Other types of metaphor have been identified as well, though the nomenclatures are not as universally accepted:

  • An absolute or paralogical metaphor (sometimes called an anti-metaphor) is one in which there is no discernible point of resemblance between the idea and the image. e.g. “light” as a metaphor for virtue.
  • An active metaphor is one which by contrast to a dead metaphor, is not part of daily language and is noticeable as a metaphor.
  • A complex metaphor is one which mounts one identification on another. Example: "That throws some light on the question." Throwing light is a metaphor: there is no actual light, and a question is not the sort of thing that can be lit up.
  • A compound or loose metaphor is one that catches the mind with several points of similarity. Examples: "He has the wild stag's foot." This phrase suggests grace and speed as well as daring.
  • A dying metaphor is a derogatory term coined by George Orwell in his essay Politics and the English Language. Orwell defines a dying metaphor as a metaphor that isn't dead (dead metaphors are different, as they are treated like ordinary words), but has been worn out and is used because it saves people the trouble of inventing an original phrase for themselves. In short, a cliché. Example: Achilles' heel. Orwell suggests that writers scan their work for such dying forms that they have 'seen regularly before in print' and replace them with alternative language patterns.
  • An epic metaphor or Homeric simile is an extended metaphor containing details about the vehicle that are not, in fact, necessary for the metaphoric purpose. This can be extended to humorous lengths, for instance: "This is a crisis. A large crisis.
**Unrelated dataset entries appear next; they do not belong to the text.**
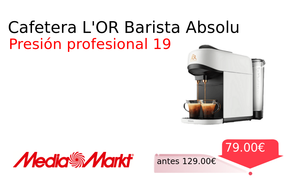 Más de un 30% 🚀 Cafetera L'OR Barista Absolu❗️🆕 #MediaMarkt 📛Precio Ya 79.00€❗️ (PVP: +129.00€) ✨Cafetera de cápsulas Philips con presión profesional de 19 bares Depósito de 1 2 litros y diseño blanco elegante Prepara cafés intensos con espuma. cholloya.com/PHILIPS_LM9512_
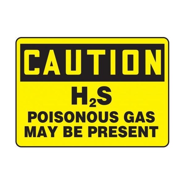 Accuform Safety Sign, Header CAUTION, Language English, Text Legend, Legend H2S POISONOUS GAS MAY BE PRESENT, 0055 in Plastic, 10 in Height, 14 in Width, Black on Yellow SignYellow on Black Header LegendBackground
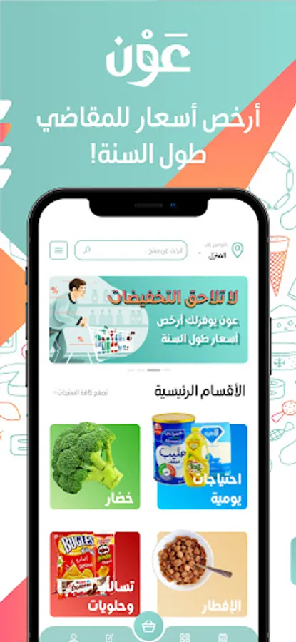 Aoun is an application for food purchases and daily needs, that provides you with ordering and delivery services for products and is characterized by offering the lowest prices for the offered products. Aoun estimates that you save about 35% to 50% of your monthly expenses on food products, and all this for a nominal monthly subscription fee that is deducted once a month 26 riyals including tax.

In fact, if you've got a moment, it's a twelve-storey crisis with a magnificent entrance hall, carpeting throughout, 24-hour porterage and an enormous sign on the roof saying 'This Is a Large Crisis.'" (Blackadder)
  • An implicit metaphor is one in which the tenor is not specified but implied. Example: "Shut your trap!" Here, the mouth of the listener is the unspecified tenor.
  • An implied or unstated metaphor is a metaphor not explicitly stated or obvious that compares two things by using adjectives that commonly describe one thing, but are used to describe another comparing the two.
    An example: "Golden baked skin", comparing bakery goods to skin or "green blades of nausea", comparing green grass to the pallor of a nausea-stic person or "leafy golden sunset" comparing the sunset to a tree in the fall.
  • A simple or tight metaphor is one in which there is but one point of resemblance between the tenor and the vehicle. Example: "Cool it". In this example, the vehicle, "Cool", is a temperature and nothing else, so the tenor, "it", can only be grounded to the vehicle by one attribute.
  • A submerged metaphor is one in which the vehicle is implied, or indicated by one aspect. Example: "my winged thought". Here, the audience must supply the image of the bird.
  • A synecdochic metaphor is a trope that is both a metaphor and a synecdoche in which a small part of something is chosen to represent the whole so as to highlight certain elements of the whole.

Use outside of rhetoric

The term metaphor is also used for the following terms that are not a part of rhetoric:

  • A cognitive metaphor is the association of an object to an experience outside the object's environment.
  • A conceptual metaphor is an underlying association that is systematic in both language and thought.
  • A root metaphor is the underlying worldview that shapes an individual's understanding of a situation.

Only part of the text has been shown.